== Material for this exercise ==
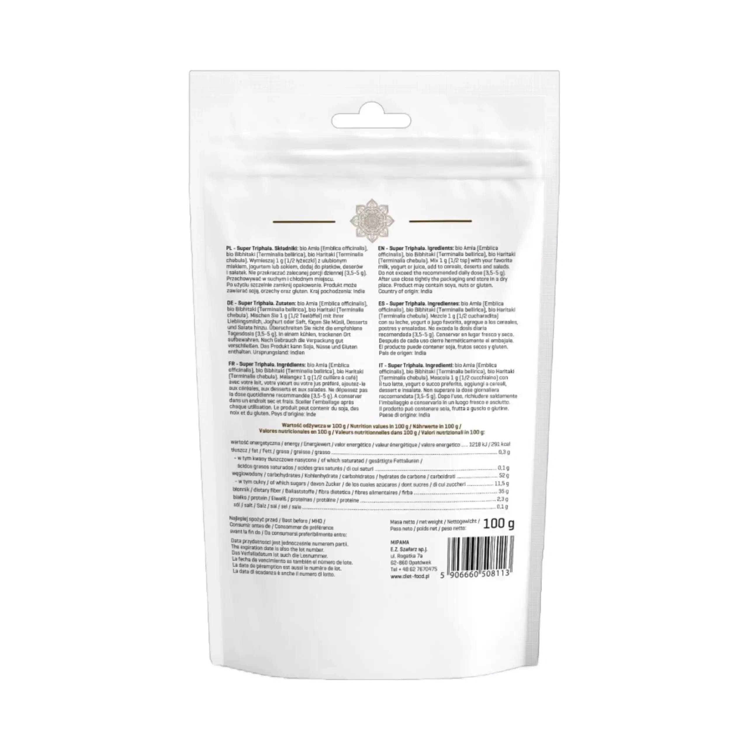 Triphala była stosowana w tradycyjnej medycynie ajurwedyjskiej od czasów starożytnych jako wielofunkcyjne leczenie objawów, od dolegliwości żołądka po próchnicę zębów. Uważa się również, że promuje długowieczność i ogólny stan zdrowia. Uważa się, że jest lekiem wieloziołowym, co oznacza, że zawiera kilka różnych ziół leczniczych. Preparaty ziołowe są powszechnie stosowane w medycynie ajurwedyjskiej, tradycyjnym systemie, który kładzie nacisk na profilaktykę chorób i promocję zdrowia. Uważa się, że połączenie synergicznych ziół zapewnia dodatkową skuteczność terapeutyczną i jest silniejszym leczeniem niż jakikolwiek pojedynczy składnik stosowany samodzielnie. Triphala to mieszanka suszonych owoców trzech następujących roślin pochodzących z Indii: Bio Amla (Emblica officinalis) Amla, bardziej znana jako agrest indyjski, odgrywa ważną rolę w medycynie ajurwedyjskiej. To jeden z najstarszych jadalnych owoców znanych w Indiach. Agrest indyjski to jadalny owoc małego lub średniego drzewa rosnącego w całych Indiach. Jagody mają kwaśny, ostry smak i włóknistą konsystencję. Z tego powodu jagody są często marynowane, moczone w syropie cukrowym lub gotowane w naczyniach w celu zwiększenia ich smakowitości. Agrest indyjski i jego ekstrakt są stosowane w medycynie ajurwedyjskiej w leczeniu objawów, takich jak zaparcia, a także w profilaktyce raka. Agrest indyjski jest bardzo pożywny i bogaty w witaminę C, aminokwasy i minerały. Zawierają również silne związki roślinne, takie jak fenole, garbniki, kwas filembelowy, rutyna, kurkuminoidy i emblicol. Bio Bibhitaki (Terminalia bellirica) Terminalia bellirica to duże drzewo, które powszechnie rośnie w Azji Południowo-Wschodniej. W medycynie ajurwedyjskiej znane jako „Bibhitaki", gdzie owoce tego drzewa są stosowane w leczeniu powszechnych dolegliwości, takich jak infekcje bakteryjne i wirusowe. Bibhitaki zawiera garbniki, kwas elagowy, kwas galusowy, lignany i flawony, a także wiele innych silnych związków roślinnych, które są uważane za odpowiedzialne za jego właściwości lecznicze. Ten silny środek ziołowy ma wiele zastosowań i może pomóc w leczeniu wielu problemów zdrowotnych. Bibhitaki jest również powszechnie stosowany w medycynie ajurwedyjskiej w leczeniu cukrzycy i zaburzeń regulacji poziomu cukru we krwi. Dzieje się tak, ponieważ Bibhitaki jest bogaty w kwas galusowy i kwas elagowy, dwa fitochemikalia, które mają korzystny wpływ na poziom cukru we krwi, wrażliwość na insulinę i masę ciała. Bio Haritaki (Terminalia chebula) Terminalia chebula to drzewo lecznicze, które rośnie na całym Bliskim Wschodzie, w Indiach, Chinach i Tajlandii. Roślina ta znana jest w Ajurwedzie jako „Haritaki", gdzie mały, zielony owoc drzewa Terminalia chebula jest używany jako lek. Jest to jeden z głównych składników Triphala. Haritaki jest bardzo ceniony w Ajurwedzie i często nazywany jest „królem leków". Był stosowany od czasów starożytnych jako lekarstwo na wiele chorób, w tym choroby serca, astmę, wrzody i dolegliwości żołądkowe. Ponadto Haritaki jest powszechnie stosowany w medycynie ajurwedyjskiej w leczeniu problemów trawiennych, takich jak zaparcia.
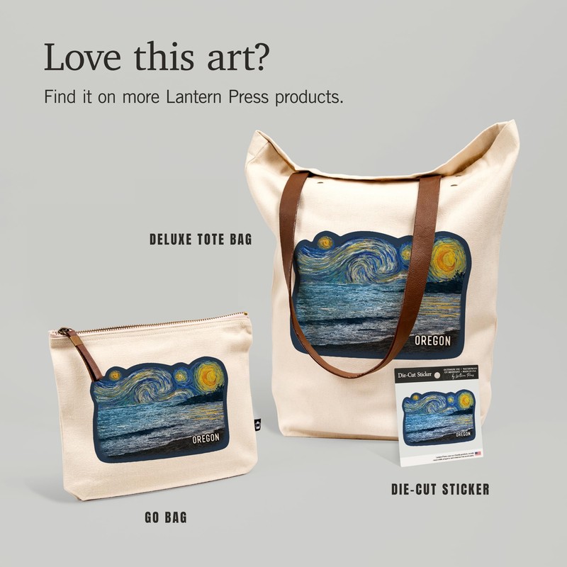 - Oregon, Starry Night, Coastline, 100% Cotton Zipper Pouch, Travel Accessory, Go Bag, Size of 7.25 x 9 inches.
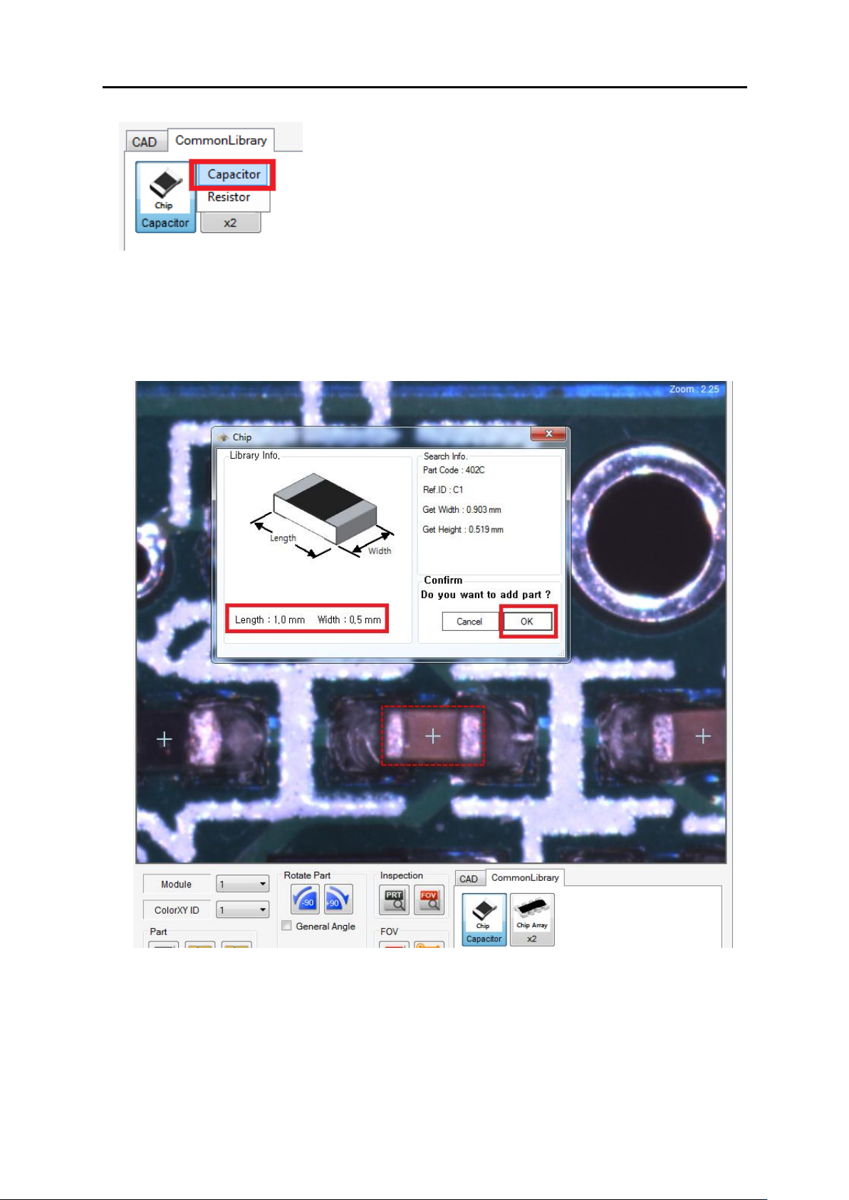 6. SPC 5.4.3. 2 用 Common L ibrar y 添加 P art - 用 鼠标勾画需要添加的 元件会弹出如下窗 口 . - 显示 CAD 信息及尺寸信息 .Common Librar y 里登记 的 Part 中尺寸最接近 的 Part 自动生成 . - <OK> 点击 P ar t 添加窗口设定的 T ype 对应 生成算法 .
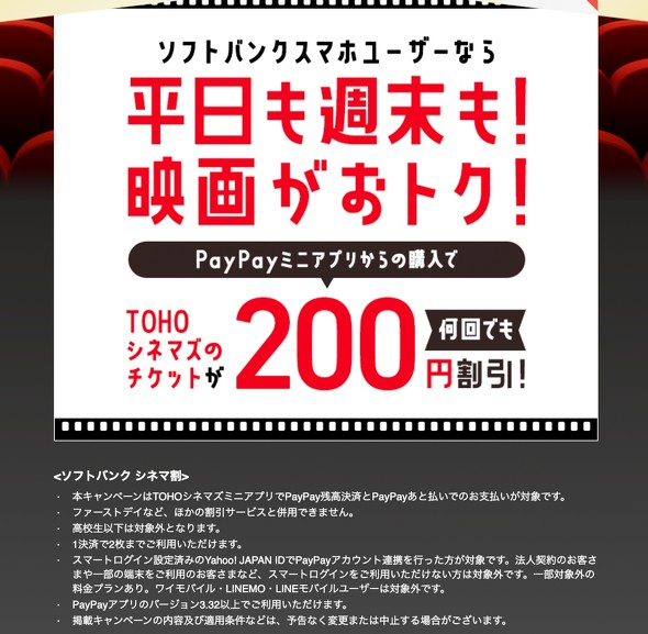 ソフトバンクユーザーがPayPay内のミニアプリでTOHOシネマズの映画のチケットを購入すると、平日も週末も200円引きになる。利用上限は1回の購入で2枚までとなり、期間は2022年4月21日10時から2023年3月31日23時59分まで。ファーストデイなど他の割引サービスと併用はできず、高校生以下は対象外(関連リンク)。
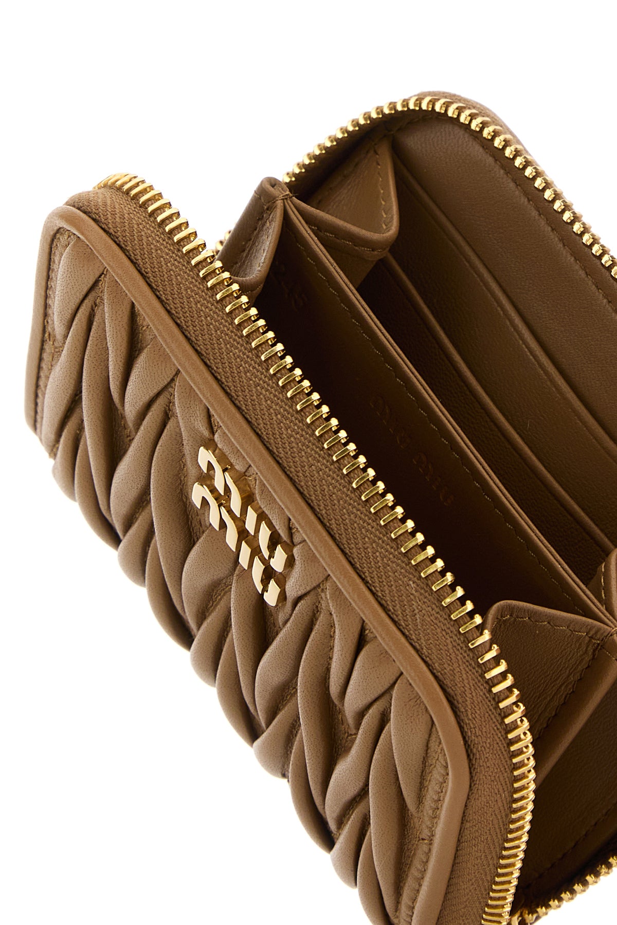 Portamonete realizzato in pelle matelassé arricchito da logo in lettere metalliche sulla parte frontale.
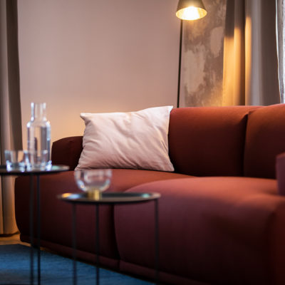 Approximately 49m² suite. Nestled between the Arboretum and arcaded walkway of the castle. Green birds frolic on the colorful cushions and pictures in the suite, which is aptly named the “Bird Room”. The underlying motif is provided by Josef Frank’s “Gröna Fåglar” – green birds, depicted on cushions found in various places. The feathered residents of the park seemingly lend them a voice, generating a harmony between indoors and out. And as you recline amid the comfortable sofa ensemble, your eyes are inevitably drawn to the birds flittering about effortlessly in the park outside. Radiant in front of the suite, colorful flower beds swathed in the magnificent seasonal tones of nature.
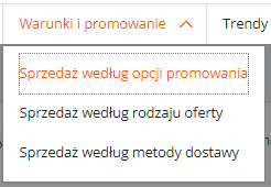 4. Warunki i promowanie – przedstawienie sprzedaży z podziałem na:
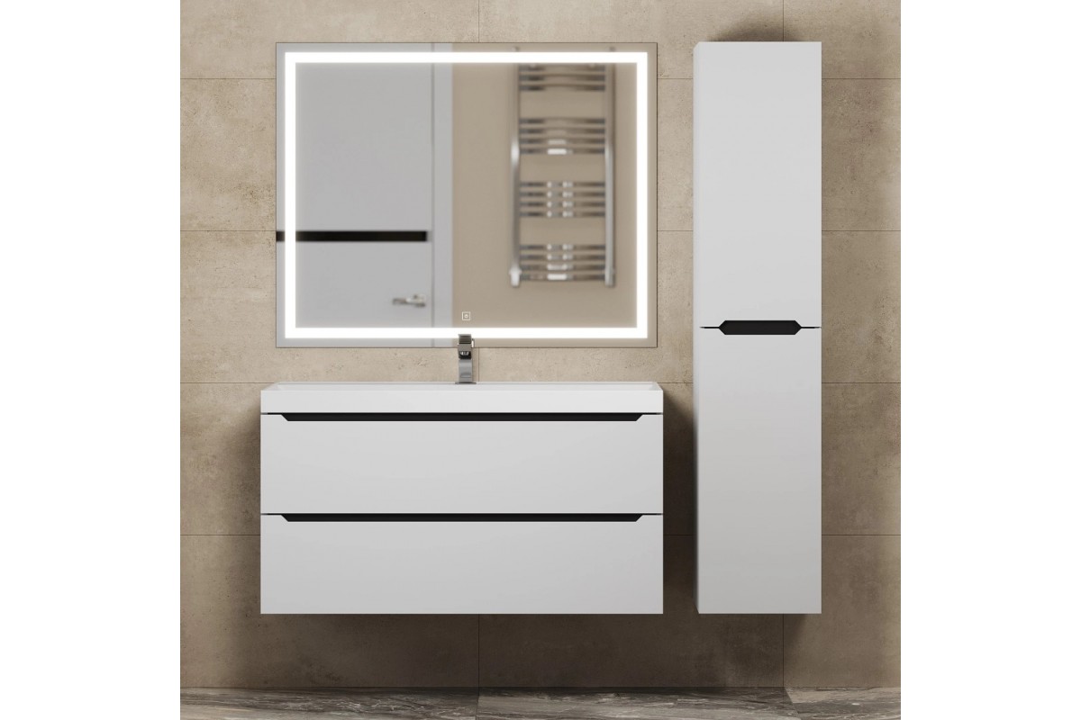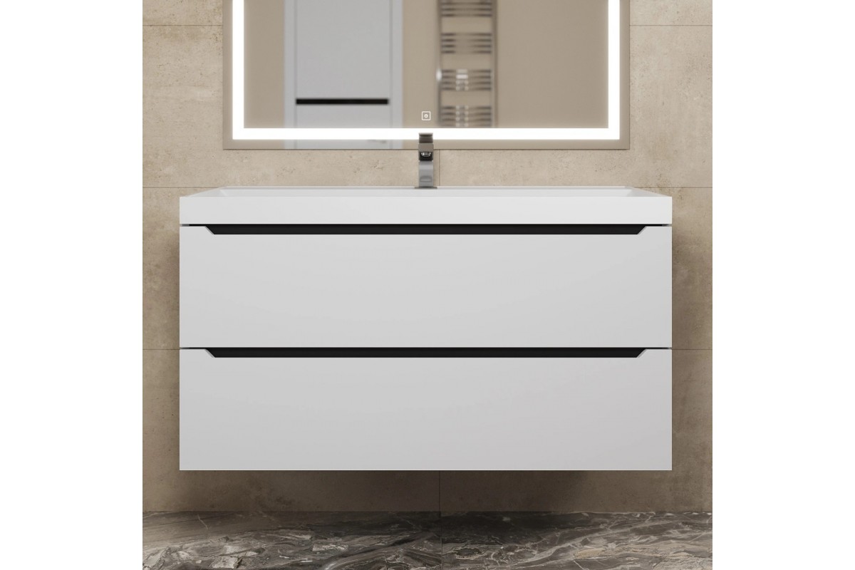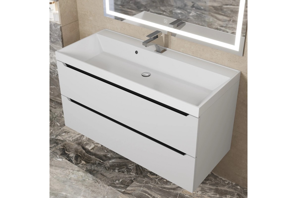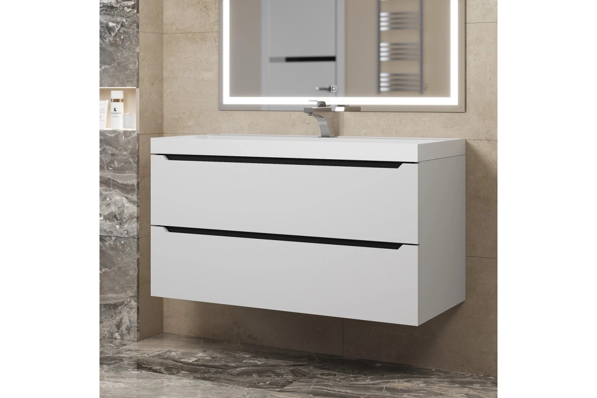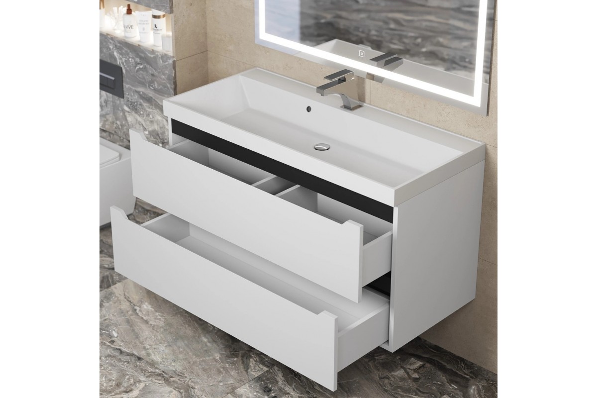 Тумба с раковиной Uperwood Tanos 100 см, подвесная, белая матовая/графит 29111020233
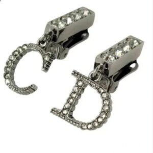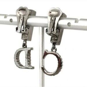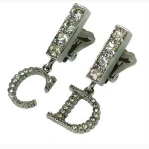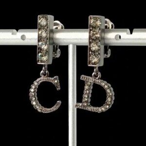 Christian Dior Black Color Rhinestone Logo Swing Earrings
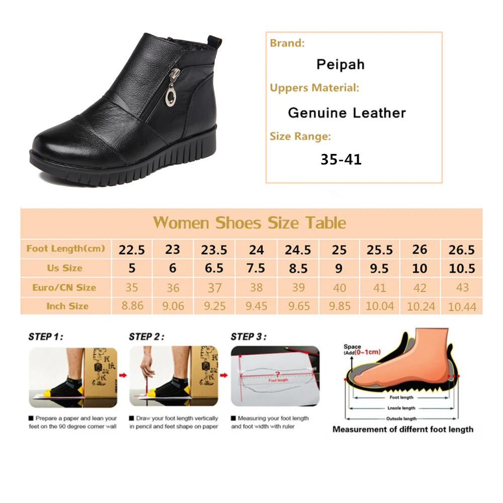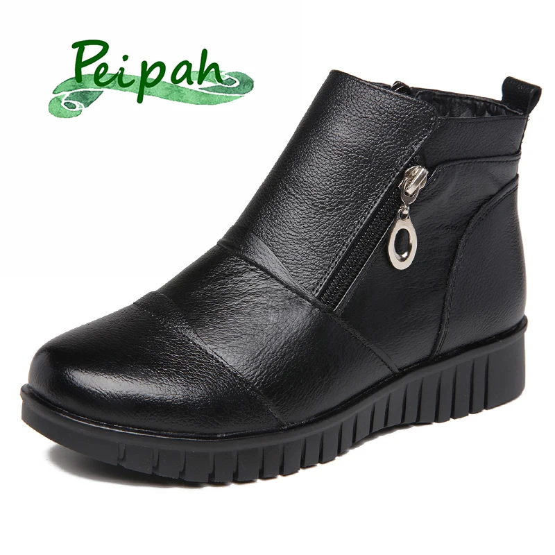 Peipah Handmade Autumn/Winter Boots Women Genuine Leather Shoes Woman Ankle Boots Solid Zip Casual Snow Botas Mujer Female Shoes

== Exercise ==
Exactly as written, set down the lines from the line holding "6. SPC 5.4.3." to the last line of the data, both ends included, pictures excluded.

== Exercise output ==
 6. SPC 5.4.3. 2 用 Common L ibrar y 添加 P art - 用 鼠标勾画需要添加的 元件会弹出如下窗 口 . - 显示 CAD 信息及尺寸信息 .Common Librar y 里登记 的 Part 中尺寸最接近 的 Part 自动生成 . - <OK> 点击 P ar t 添加窗口设定的 T ype 对应 生成算法 .
 ソフトバンクユーザーがPayPay内のミニアプリでTOHOシネマズの映画のチケットを購入すると、平日も週末も200円引きになる。利用上限は1回の購入で2枚までとなり、期間は2022年4月21日10時から2023年3月31日23時59分まで。ファーストデイなど他の割引サービスと併用はできず、高校生以下は対象外(関連リンク)。
 Portamonete realizzato in pelle matelassé arricchito da logo in lettere metalliche sulla parte frontale.
 Approximately 49m² suite. Nestled between the Arboretum and arcaded walkway of the castle. Green birds frolic on the colorful cushions and pictures in the suite, which is aptly named the “Bird Room”. The underlying motif is provided by Josef Frank’s “Gröna Fåglar” – green birds, depicted on cushions found in various places. The feathered residents of the park seemingly lend them a voice, generating a harmony between indoors and out. And as you recline amid the comfortable sofa ensemble, your eyes are inevitably drawn to the birds flittering about effortlessly in the park outside. Radiant in front of the suite, colorful flower beds swathed in the magnificent seasonal tones of nature.
 4. Warunki i promowanie – przedstawienie sprzedaży z podziałem na:
 Тумба с раковиной Uperwood Tanos 100 см, подвесная, белая матовая/графит 29111020233
 Christian Dior Black Color Rhinestone Logo Swing Earrings
 Peipah Handmade Autumn/Winter Boots Women Genuine Leather Shoes Woman Ankle Boots Solid Zip Casual Snow Botas Mujer Female Shoes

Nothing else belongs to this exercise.